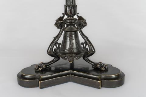 Candelabro de tres brazos elaborado en bronce fundido y patinado en color negro. Sobre la base, sosteniendo el fuste, se aprecian tres grifos. Los brazos están conectados por tres cadenas que decoran la pieza.
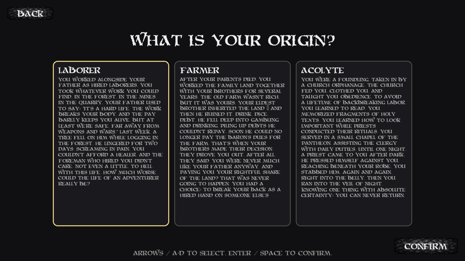 You begin as an outsider — a Laborer, Farmer, or Acolyte — and carve your own path through dangerous dungeons, brutal combat, and meaningful choices. From humble origins to growing power, your journey defines who you become.
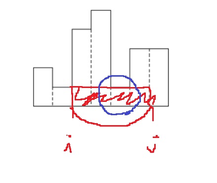 히스토그램이 높이 배열 A로 주어질 때, 어떤 구간 [i,j]까지 잡았을 경우, 만들 수 있는 직사각형은
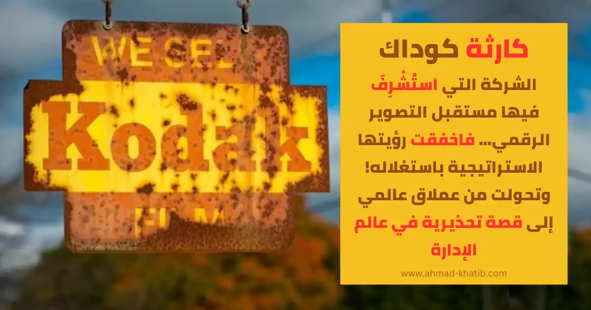 كارثة كوداك 📉 – الشركة التي استُشْرِفَ فيها مستقبل التصوير الرقمي… فاخفقت رؤيتها الاستراتيجية باستغلاله! وتحولت من عملاق عالمي إلى قصة تحذيرية في عالم الإدارة
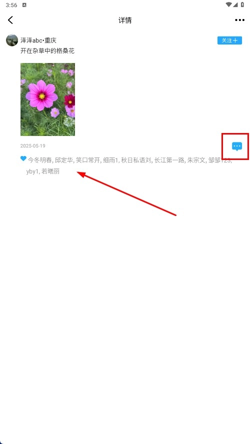 3、在动态详情页,可查看【泽泽abo-重庆】的动态,浏览点赞用户,点击评论按钮互动。
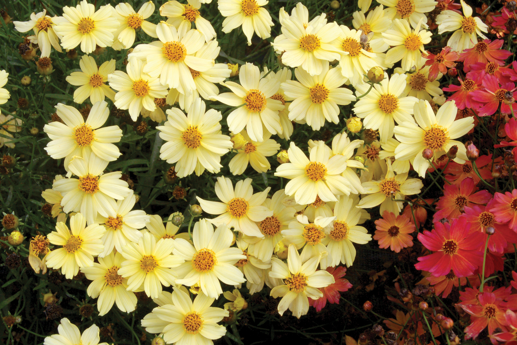 'Moonlight' blooms continuously for 3 to 4 months. Each plant has over 150, 2″ pastel-yellow flowers which change color to peach in cool weather.
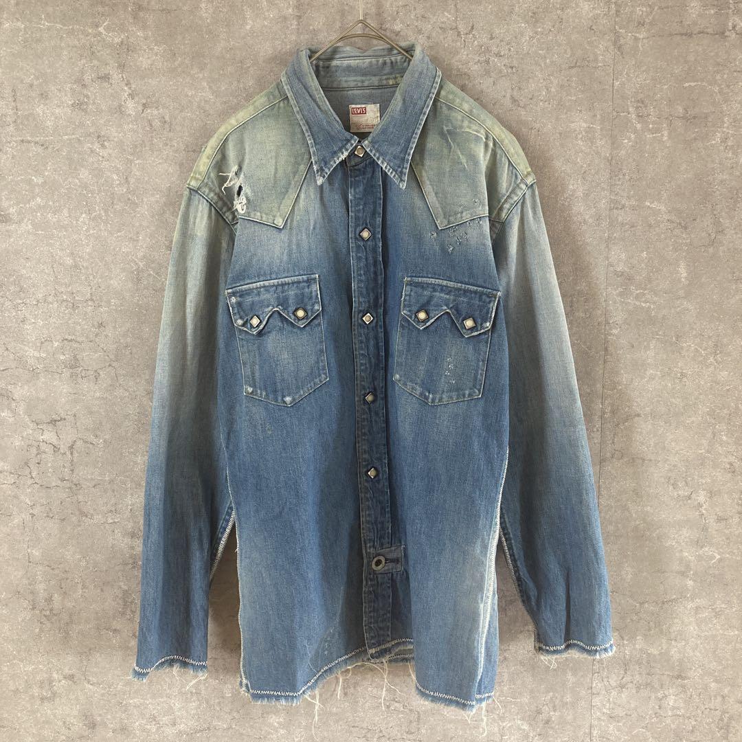 - Levi's ショートホーン デニムシャツ ダメージ加工 長袖 Lサイズ

◇ ◇ ◇ ◇

=== Work instructions ===
Every line from the one containing "in cool weather." through the final line of the records above is to be written out exactly; nothing else, and no pictures.

=== Result of the exercise ===
 'Moonlight' blooms continuously for 3 to 4 months. Each plant has over 150, 2″ pastel-yellow flowers which change color to peach in cool weather.
 - Levi's ショートホーン デニムシャツ ダメージ加工 長袖 Lサイズ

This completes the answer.